I'm not nostalgic for 2020. Probably you, dear reader, are not either. But the Apple Store seems to think its customers are, as not only is the one near us still demanding masks and distancing for all, even those long past their second shot, but our staff person made a big show of taking out little wipes and sterilizing my daughter's iphone before he would look at it. Really? Really? 

Thursday, June 3, 2021

Book: The Lost Books of Jane Austen, by Janine Barchas

Barchas, Janine. 2019. The Lost Books of Jane Austen. Johns Hopkins University Press.
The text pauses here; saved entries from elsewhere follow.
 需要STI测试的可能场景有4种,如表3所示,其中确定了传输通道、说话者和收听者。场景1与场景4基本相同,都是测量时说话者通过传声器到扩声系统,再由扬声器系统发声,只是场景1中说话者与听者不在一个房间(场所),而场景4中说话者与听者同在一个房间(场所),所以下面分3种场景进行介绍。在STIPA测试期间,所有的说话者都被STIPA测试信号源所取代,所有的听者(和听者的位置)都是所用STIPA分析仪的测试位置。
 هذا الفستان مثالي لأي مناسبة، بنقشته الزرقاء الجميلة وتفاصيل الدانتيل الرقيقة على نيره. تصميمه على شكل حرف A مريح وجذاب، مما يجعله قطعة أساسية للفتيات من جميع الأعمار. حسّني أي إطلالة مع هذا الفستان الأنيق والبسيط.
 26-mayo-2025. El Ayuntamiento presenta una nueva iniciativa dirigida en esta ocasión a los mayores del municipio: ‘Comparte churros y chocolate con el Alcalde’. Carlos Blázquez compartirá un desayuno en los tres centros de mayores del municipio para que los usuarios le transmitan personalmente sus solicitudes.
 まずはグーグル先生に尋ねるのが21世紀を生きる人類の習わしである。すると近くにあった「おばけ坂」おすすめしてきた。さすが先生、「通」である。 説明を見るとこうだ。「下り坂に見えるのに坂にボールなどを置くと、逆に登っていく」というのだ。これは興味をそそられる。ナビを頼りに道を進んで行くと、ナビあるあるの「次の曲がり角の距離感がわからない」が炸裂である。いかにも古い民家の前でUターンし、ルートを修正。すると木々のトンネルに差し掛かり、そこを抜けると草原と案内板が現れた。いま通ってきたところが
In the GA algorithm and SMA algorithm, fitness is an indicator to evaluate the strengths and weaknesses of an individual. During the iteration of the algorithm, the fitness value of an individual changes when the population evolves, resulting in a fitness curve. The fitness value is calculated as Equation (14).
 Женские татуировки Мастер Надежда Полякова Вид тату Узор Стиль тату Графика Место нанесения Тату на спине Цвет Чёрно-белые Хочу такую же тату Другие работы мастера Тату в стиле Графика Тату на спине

The title suggests the discovery of heretofore undiscovered Jane Austen manuscripts, but, alas, such is not the case. Instead, the author, an English professor at the University of Texas, concerns herself with lost editions of Jane Austen's familiar books. The missing editions are the cheap ones, which academic bibliographers often ignore in their lists. Barchas finds these cheap editions interesting because of what they tell, via their covers, their prices, and their marketing, about who was reading Jane Austen over time and across space, and about how they were thinking of her as an author. Along the way, the reader learns a great deal about how publishing worked in the 1800s and early 1900s. I had no idea, for example, that a given set of typeset plates might be used to create multiple editions of a book by different publishers over a period of decades. The reader also learns some fun bits of cultural history, including about book prizes, the Pleasant Sunday Afternoon Society, and obsessive Janeites. Finally, this is a physically beautiful book from the Johns Hopkins University Press, chock full of full-color illustrations of Jane Austen book covers.

Recommended for those of a bookish turn.

Book page at JHU Press.

Mask etiquette memories

 

Yesterday was "mask freedom day" in Dane County and on campus at UW-Madison and most of the mask-related signs had already been taken down by the time I got in to work. But this one remained for me to claim as a COVID memento.